• DATA SHOWN:

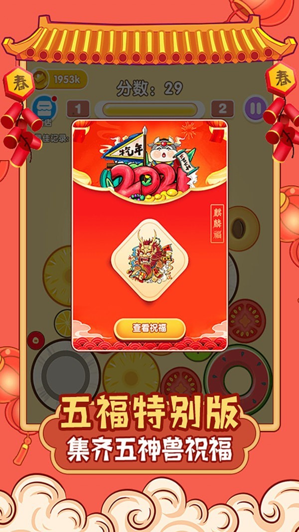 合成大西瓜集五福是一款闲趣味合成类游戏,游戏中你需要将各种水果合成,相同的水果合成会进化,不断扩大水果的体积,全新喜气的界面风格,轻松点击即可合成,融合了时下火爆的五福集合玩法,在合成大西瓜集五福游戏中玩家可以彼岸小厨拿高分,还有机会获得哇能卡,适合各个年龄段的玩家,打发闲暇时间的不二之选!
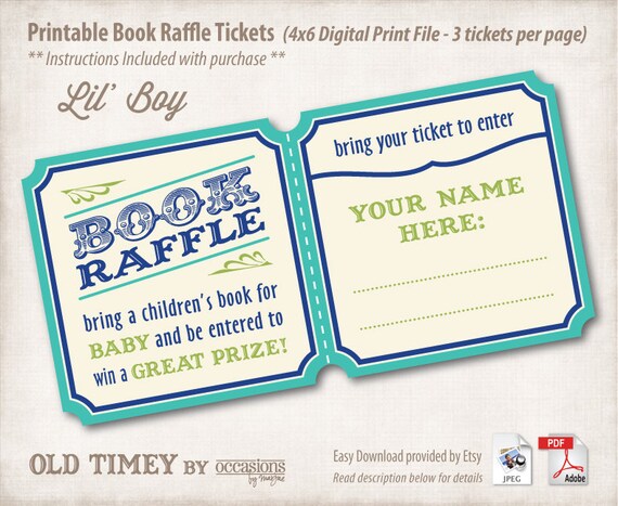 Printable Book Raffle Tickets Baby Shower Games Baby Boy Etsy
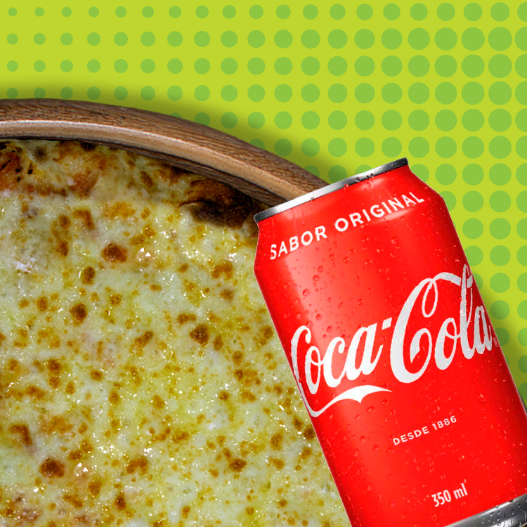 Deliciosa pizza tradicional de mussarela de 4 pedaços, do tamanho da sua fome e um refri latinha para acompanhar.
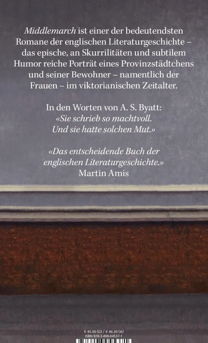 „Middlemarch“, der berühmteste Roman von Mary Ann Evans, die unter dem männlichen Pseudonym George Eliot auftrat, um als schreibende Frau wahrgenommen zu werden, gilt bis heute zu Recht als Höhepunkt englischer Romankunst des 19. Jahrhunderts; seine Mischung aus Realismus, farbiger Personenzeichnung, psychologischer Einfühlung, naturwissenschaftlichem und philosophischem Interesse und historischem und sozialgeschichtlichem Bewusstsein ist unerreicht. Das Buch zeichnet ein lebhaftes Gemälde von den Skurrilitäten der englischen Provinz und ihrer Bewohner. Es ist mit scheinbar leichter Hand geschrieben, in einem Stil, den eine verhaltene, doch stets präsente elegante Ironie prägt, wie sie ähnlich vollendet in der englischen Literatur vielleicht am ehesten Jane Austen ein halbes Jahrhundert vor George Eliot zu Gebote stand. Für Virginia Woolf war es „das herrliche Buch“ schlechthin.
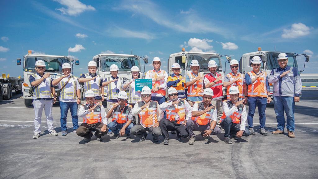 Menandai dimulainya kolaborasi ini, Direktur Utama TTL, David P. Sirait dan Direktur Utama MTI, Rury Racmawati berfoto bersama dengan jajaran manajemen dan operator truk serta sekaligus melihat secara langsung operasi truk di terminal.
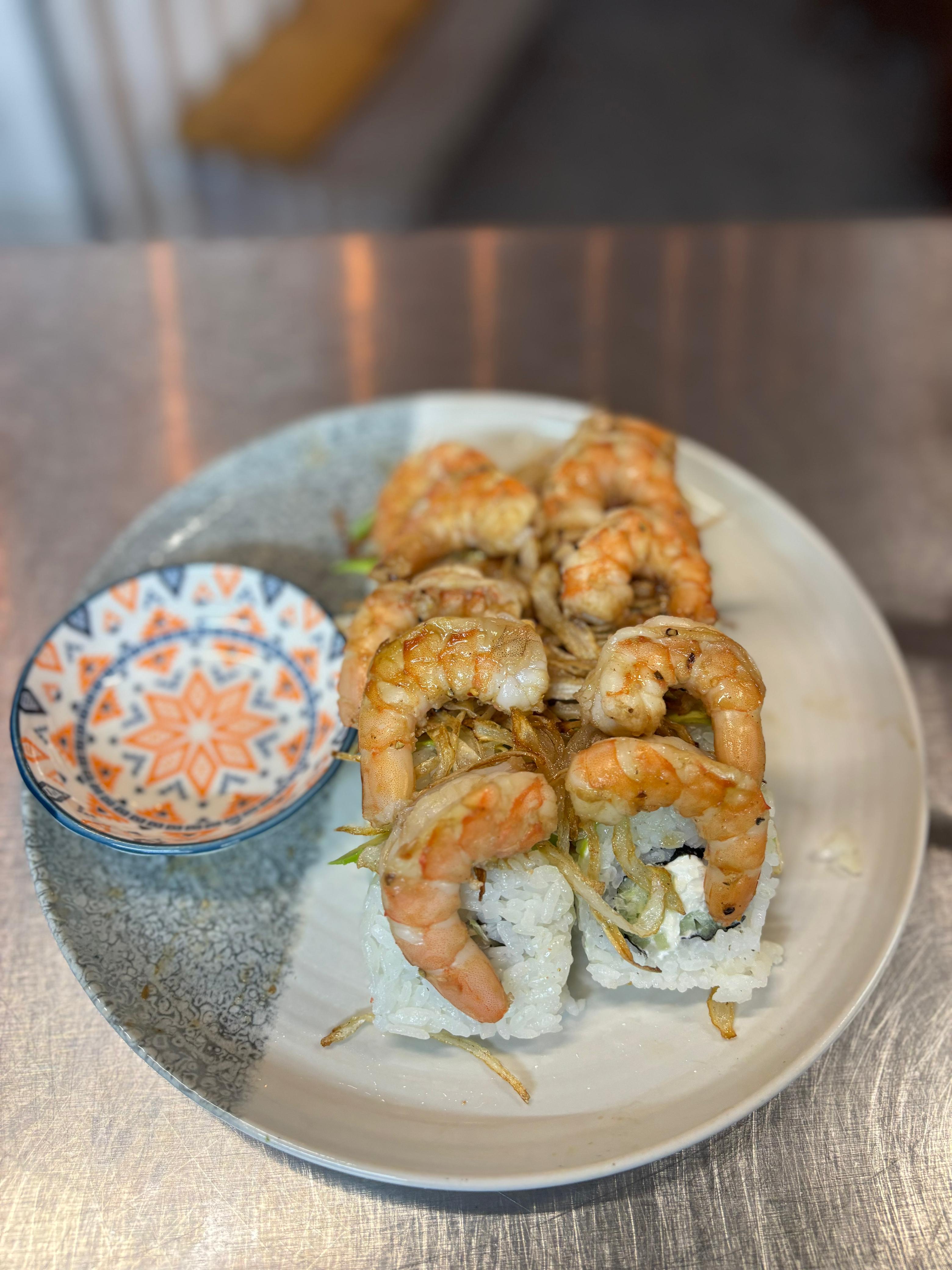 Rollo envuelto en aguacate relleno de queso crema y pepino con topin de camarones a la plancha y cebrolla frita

• TASK DETAILS: Write the listing out exactly, word for word, but omit the pictures.

• SOLUTION BELOW:
 合成大西瓜集五福是一款闲趣味合成类游戏,游戏中你需要将各种水果合成,相同的水果合成会进化,不断扩大水果的体积,全新喜气的界面风格,轻松点击即可合成,融合了时下火爆的五福集合玩法,在合成大西瓜集五福游戏中玩家可以彼岸小厨拿高分,还有机会获得哇能卡,适合各个年龄段的玩家,打发闲暇时间的不二之选!
 Printable Book Raffle Tickets Baby Shower Games Baby Boy Etsy
 Deliciosa pizza tradicional de mussarela de 4 pedaços, do tamanho da sua fome e um refri latinha para acompanhar.
 „Middlemarch“, der berühmteste Roman von Mary Ann Evans, die unter dem männlichen Pseudonym George Eliot auftrat, um als schreibende Frau wahrgenommen zu werden, gilt bis heute zu Recht als Höhepunkt englischer Romankunst des 19. Jahrhunderts; seine Mischung aus Realismus, farbiger Personenzeichnung, psychologischer Einfühlung, naturwissenschaftlichem und philosophischem Interesse und historischem und sozialgeschichtlichem Bewusstsein ist unerreicht. Das Buch zeichnet ein lebhaftes Gemälde von den Skurrilitäten der englischen Provinz und ihrer Bewohner. Es ist mit scheinbar leichter Hand geschrieben, in einem Stil, den eine verhaltene, doch stets präsente elegante Ironie prägt, wie sie ähnlich vollendet in der englischen Literatur vielleicht am ehesten Jane Austen ein halbes Jahrhundert vor George Eliot zu Gebote stand. Für Virginia Woolf war es „das herrliche Buch“ schlechthin.
 Menandai dimulainya kolaborasi ini, Direktur Utama TTL, David P. Sirait dan Direktur Utama MTI, Rury Racmawati berfoto bersama dengan jajaran manajemen dan operator truk serta sekaligus melihat secara langsung operasi truk di terminal.
 Rollo envuelto en aguacate relleno de queso crema y pepino con topin de camarones a la plancha y cebrolla frita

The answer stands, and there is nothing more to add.